Railway maintenance depot in Shoeburyness, Essex

Shoeburyness Carriage Servicing Depot is an Electric Traction Depot located in Shoeburyness, Essex, England. The depot is situated on the London, Tilbury and Southend line and is near Shoeburyness station. To the east of the depot is MoD Shoeburyness and there is a rail connection into that site from the depot.

==Steam-era shed==
Prior to the electrification of the LTSR in the late 1950s/early 1960s, a steam engine shed was located at Shoeburyness. The line opened in 1884 and the shed five years later when the shed at Southend was closed. The shed was located on the north side of the station had two roads and was extended in 1896 and a third track added (with a lean-to timber shed) in 1898. Additional sidings space for coaling and locomotives was provided in the 1900s.

On the south (Up) side a fan of six carriage sidings was opened in 1910 to cope with the additional carriage sidings for increasing commuter traffic. A further three sidings were opened in 1916, and these sidings then formed the basis of today's EMU depot.

Throughout the steam shed's life, the main stay of its allocation was the tank engines used to work the passenger services and some freight trains.
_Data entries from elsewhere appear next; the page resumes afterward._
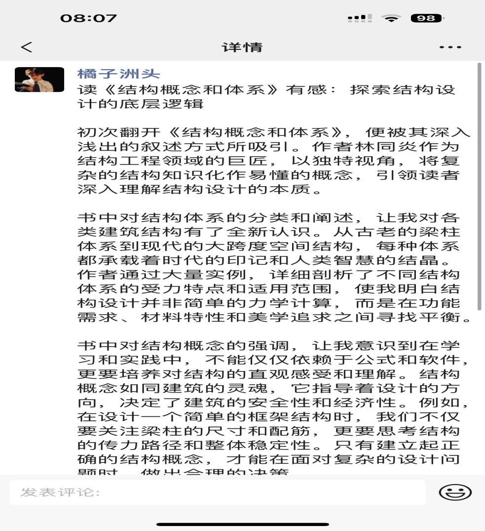 土木232班 马丰:书中对结构体系的分类和阐述,让我对各类建筑结构有了全新认识。从古老的梁柱体系到现代的大跨度空间结构,每种体系都承载着时代的印记和人类智慧的结晶。作者通过大量实例,详细剖析了不同结构体系的受力特点和适用范围,使我明白结构设计并非简单的力学计算,而是在功能需求、材料特性和美学追求之间寻找平衡。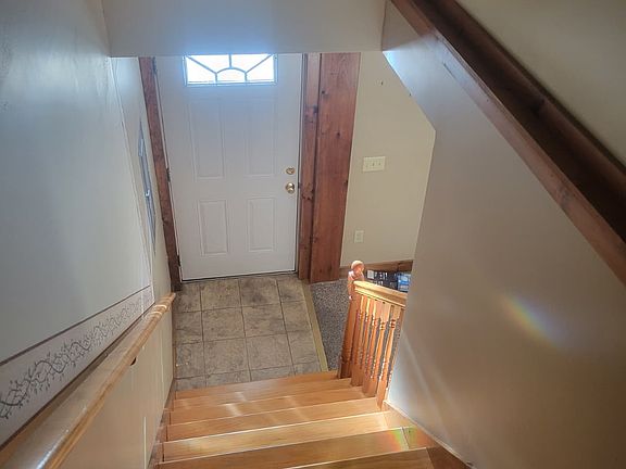 2 bedrooms and full bathroom on second floor. First floor includes 3rd bedroom, eat-in kitchen, laundry area, half bathroom, and living room.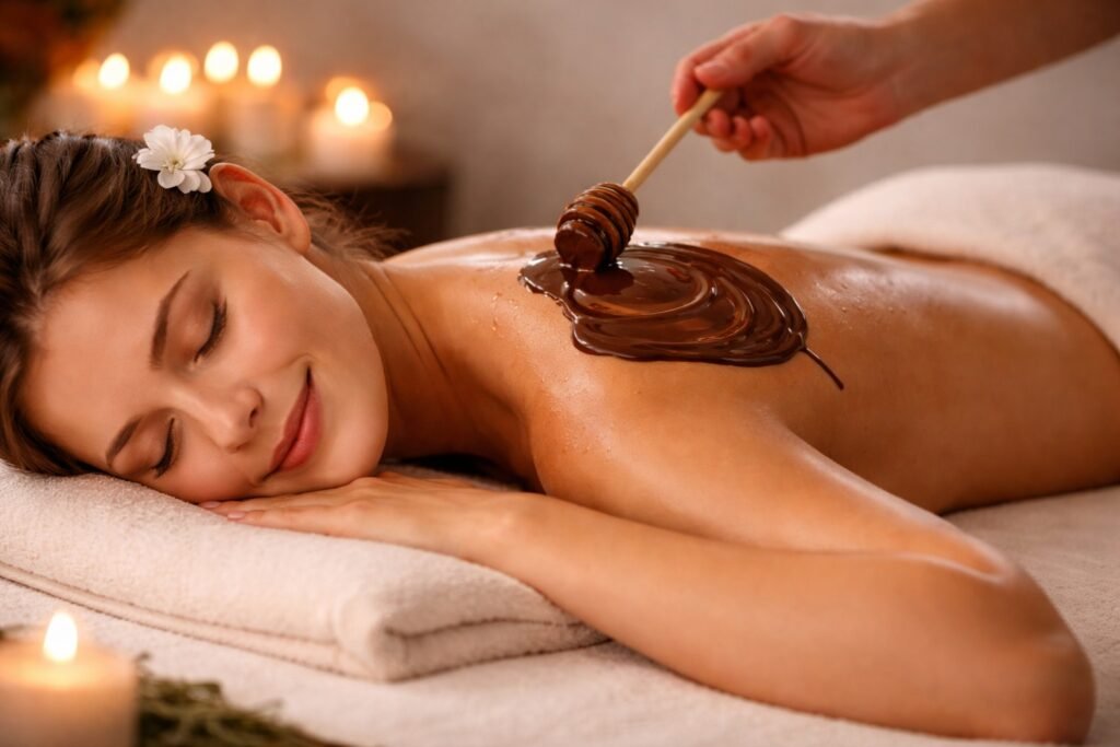 Indulge in a rich chocolate massage that nourishes your skin and relaxes your body.

However, on weekends and bank holidays it was not unusual to find other companies locomotives on shed having worked a day tripper train in from elsewhere.

===Electrification===
The 1950s saw the London, Tilbury and Southend line earmarked for re-signalling and electrification. In connection with this scheme, the up sidings were electrified and Class 302 EMUs started operating some services in the December 1961 timetable. An all-electric timetable was introduced in June 1962, and the steam shed was closed on 18 June 1962 and demolished soon after.

The existing facility occupies the site of the up former carriage sidings.

== Allocation ==
As of 2026, the depot's allocation consists of c2c Class 357 EMUs and Class 720 EMUs.